The histopathological report confirmed our provisional diagnosis. The microscopic findings (Fig. 7) showed multiple soft tissue pieces lined by hyperplastic synovial lining, largely covered with necrotic fibrinous exudates. The underlying fibrous tissue showed presence of sheets of macrophages along with lymphocytes and congested blood vessels along with few histiocytic giant cells. The final impression was consistent with a diagnosis of ALVAL.
DISCUSSION
Second-generation MoM prosthesis was introduced for its advantages over conventional articulations, such as low rates of wear and increased stability due to larger head size.25 The use of this prosthesis had become increasingly popular during the last decade, especially in young, mobile patients.26 However, there have been several reports of high incidence of ALVAL and pseudotumor formation in patients who underwent MoM THAs and, more recently, in patients undergoing MoM hip resurfacings.23,27
The possible mechanism behind ALVAL in MoM THAs is the slow release of metal ions from the prosthetic-bearing surfaces as a by-product of normal wear. These metal ions are present in adjacent periprosthetic soft tissue. These wear particles elicit a type IV response in the local tissue. This local destructive response can lead to pain, osteolysis, loosening of the prosthetic components, and formation of soft tissue mass. Though overall wear rate and size of the wear particles from the second-generation implants are smaller than those associated with the first-generation MoM prostheses or from conventional metal-on-polyethylene components, it is postulated that the smaller size and higher surface area of MoM debris particles actually facilitate their diffusion into surrounding tissues and local tissue reaction resulting in the formation of pseudotumors.28
Symptoms emerge slowly and, initially, are mild and often have little impact on patient's activities. When symptoms of swelling, pain in the groin, and clicking become sufficient to warrant revision, a sizeable pseudotumor with extensive local-tissue destruction may already be present. A high index of suspicion of ALVAL is also warranted in cases presenting with symptoms even after a very long time of the primary surgery of MoM THA. In our case, patient developed symptoms almost 7 years following his replacement surgery. A search of literature reveals that pseudotumors have been reported to become symptomatic up to 15 years postoperatively.29 More serious symptoms include dislocation, nerve palsy,30 and fracture,29 depending on the location and size of the pseudotumor.
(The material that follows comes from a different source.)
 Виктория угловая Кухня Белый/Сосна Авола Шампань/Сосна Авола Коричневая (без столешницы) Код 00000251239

Due to these possible complications, regular follow-up and a high index of suspicion for a metal-related adverse reaction are very important. Imaging modalities like ultrasound and computed tomography scan provide some information, but it is the metal artifact reduction scanning MRI31 that helps in confirming a diagnosis. The ALVAL is confirmed by histopathology of the biopsy specimen.
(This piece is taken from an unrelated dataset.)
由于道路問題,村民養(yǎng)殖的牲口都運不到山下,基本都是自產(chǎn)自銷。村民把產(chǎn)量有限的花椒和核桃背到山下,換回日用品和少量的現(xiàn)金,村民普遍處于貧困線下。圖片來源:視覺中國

Since a large number of patients, especially in the younger age group, underwent hip arthroplasty with MoM-bearing surfaces, one can anticipate an increased number of patients presenting with ALVAL and undergoing subsequent revisions for prosthetic failure. Accurate assessment is crucial because an intraoperative diagnosis of chronic inflammation suggestive of ALVAL will necessitate a replacement of the prosthetic component-bearing surfaces. Also, the importance of intervening early cannot be understated. Late intervention in such cases when gross osteolysis and loosening has already occurred with an unstable prosthesis and inadequate bone stock can lead to a difficult revision surgery.